* _Task instructions_
Find the line containing "Boucles oreilles avec" in the material below, then please transcribe it and each line after it exactly, without the pictures.

* _Given material_
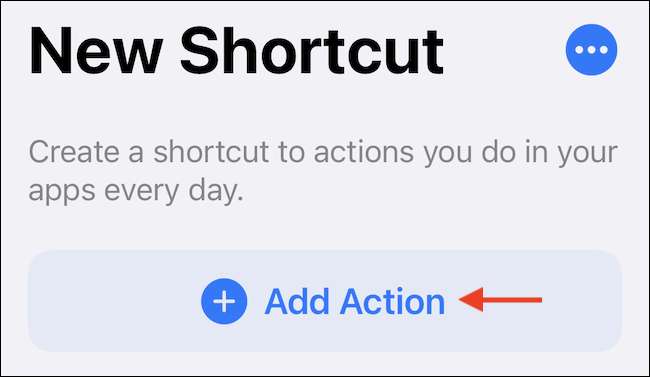 Ini akan membawa Anda ke jalan pintas kosong. Ketuk tombol "Tambahkan Tindakan" untuk membuat tindakan baru.
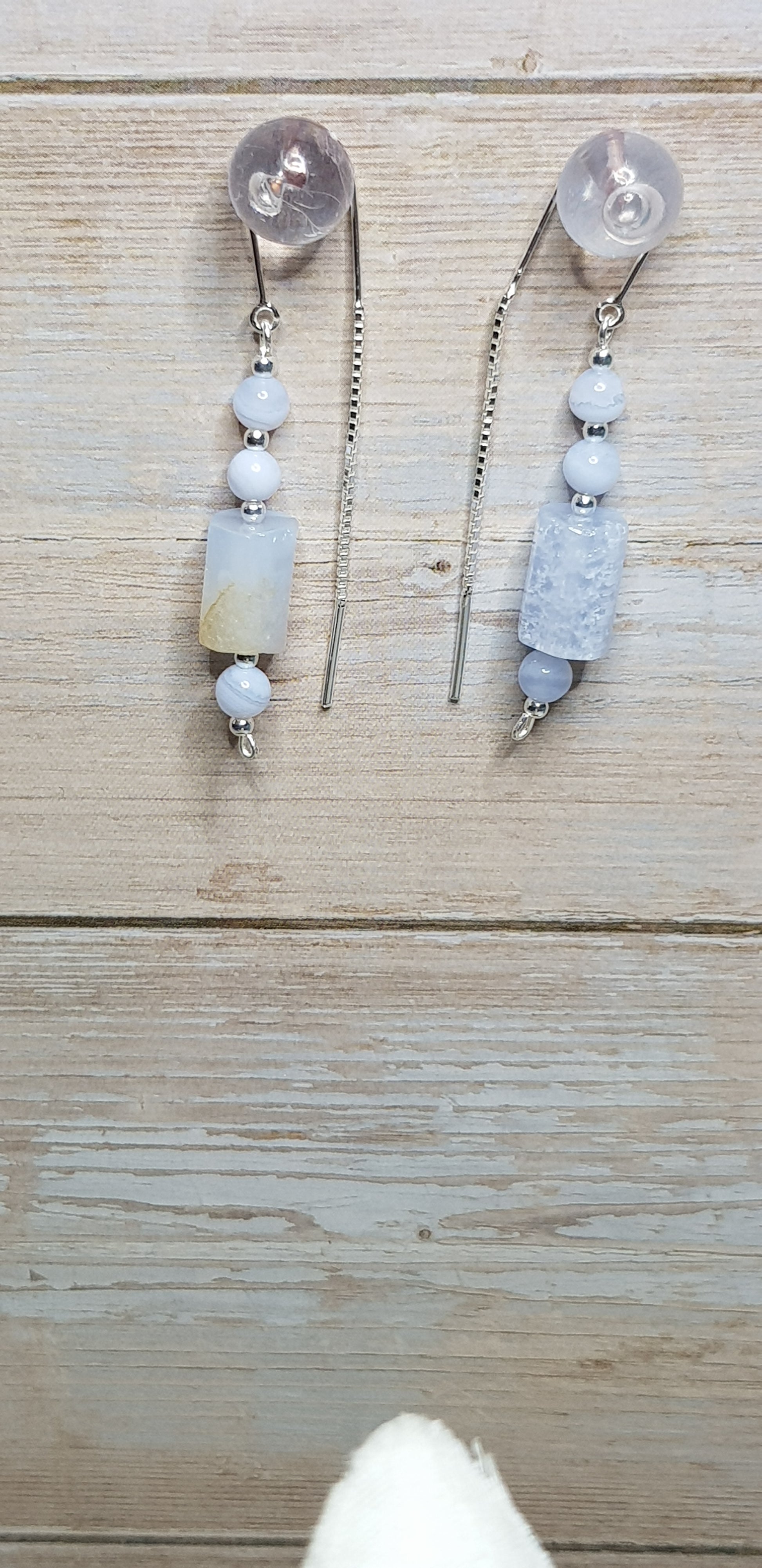Boucles oreilles avec chaine composée de perles calcédoine bleue + perles argent 925
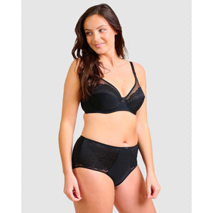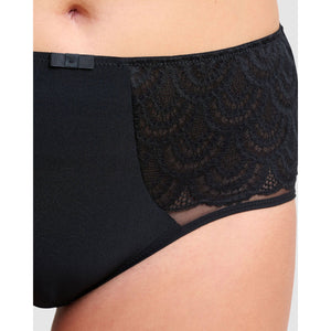 Enjoy a comfy fit and elegant look in these full cut shorties, which are made primarily from soft-feel microfibre with stylish tulle and lace panels at either side. This plus size brief is shaped to deliver full rear coverage while also flattering your curves, and is trimmed with sheer tulle inserts along the back of the leg line.

* _Your solution_
Boucles oreilles avec chaine composée de perles calcédoine bleue + perles argent 925
 Enjoy a comfy fit and elegant look in these full cut shorties, which are made primarily from soft-feel microfibre with stylish tulle and lace panels at either side. This plus size brief is shaped to deliver full rear coverage while also flattering your curves, and is trimmed with sheer tulle inserts along the back of the leg line.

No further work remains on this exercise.